Though God has called us to faith in His Son, and our lives will be fundamentally characterized by obedience and submission to His word, we as God’s people sometimes sin by disobeying Him. As we saw in the previous chapter, Paul revealed his own struggle with sin in Romans 7, and he did so in order that we might understand the struggle against sin that every believer will experience.


When we yield to temptation and disobey God, we will bring His discipline or chastening upon ourselves, as we are admonished in Hebrews 12:4-13. Within this passage, we find this particularly strong admonition: “Therefore, strengthen the hands that are weak and the knees that are feeble, and make straight paths for your feet, so that the limb which is lame may not be put out of joint, but rather be healed.” (Hebrews 12:12-13).


The implication here is that our failure to restore ourselves to

obedience could result in that which is “lame” becoming disabled. In other words, as a result of our disobedience, the point could come where the opportunity for service in a particular capacity, and the eternal reward from that service, could be lost to us in some measure.


The strong admonition to restore ourselves to obedience that we see in Hebrews 12:12-13 is also demonstrated in another passage of Scripture. In Jeremiah 18 we read that the word of the Lord came to the prophet telling him to go down to the potter’s house, where He would give him His message.


When Jeremiah got there, he saw the potter working at the wheel. As he was watching the potter form a vessel, the prophet observed: “But the vessel that he was making of clay was spoiled in the hand of the potter; so he remade it into another vessel, as it pleased the potter to make.” (Jeremiah 18:4). The Lord then told Jeremiah that His people Israel were like clay in His hands, and that He could do with them as the potter had done, and form a spoiled vessel into another vessel for a different purpose, as He sees fit.


Therefore as believers, let us be diligent to see that our lives as God’s chosen vessels are not “spoiled” or marred by sin. If this does occur, even though our salvation itself is eternally secure and assured, we may be formed by the Potter into another vessel for some other place of service, as a consequence of our own sin. As a result, we may suffer the loss of blessings and rewards that we might have otherwise realized, had we not been disobedient.

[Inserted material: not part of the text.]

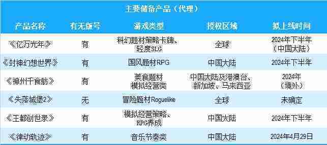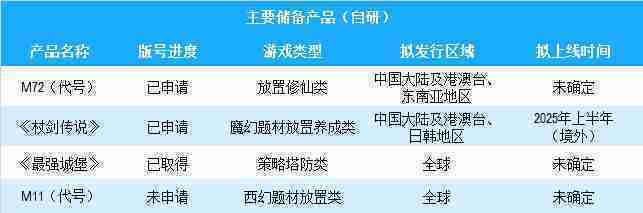 公司有多款储备产品,,,涵盖放置类、、、、策略类、、RPG、、、Roguelike等多元化游戏品类,,储备的主要自研和代理产品如下::::
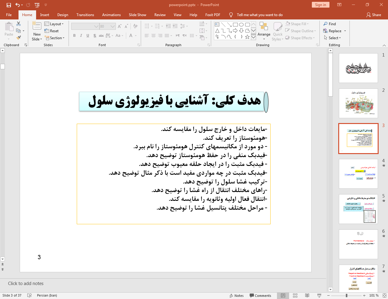 در این پاورپوینت که با قالب (تم) زیبا و حرفه ای طراحی شده است به موضوع فیزیولوژی سلول در 37 اسلاید و فایل قابل ویرایش پرداخته ایم. در صورت وجود هر گونه مشکل لطفا با بخش پشتیبانی به شماره 09360147484 تماس بگیرید.

When John wrote in Revelation 7:17 that God will wipe away every tear from our eyes, one can imagine that some of those tears could be for lost blessings which came about through our own disobedience to God and His word. The matter of obedience to God should be taken very seriously by all of us as believers. Although our salvation is eternally secure and certain, we may lose both temporal and eternal rewards as a result of our disobedience.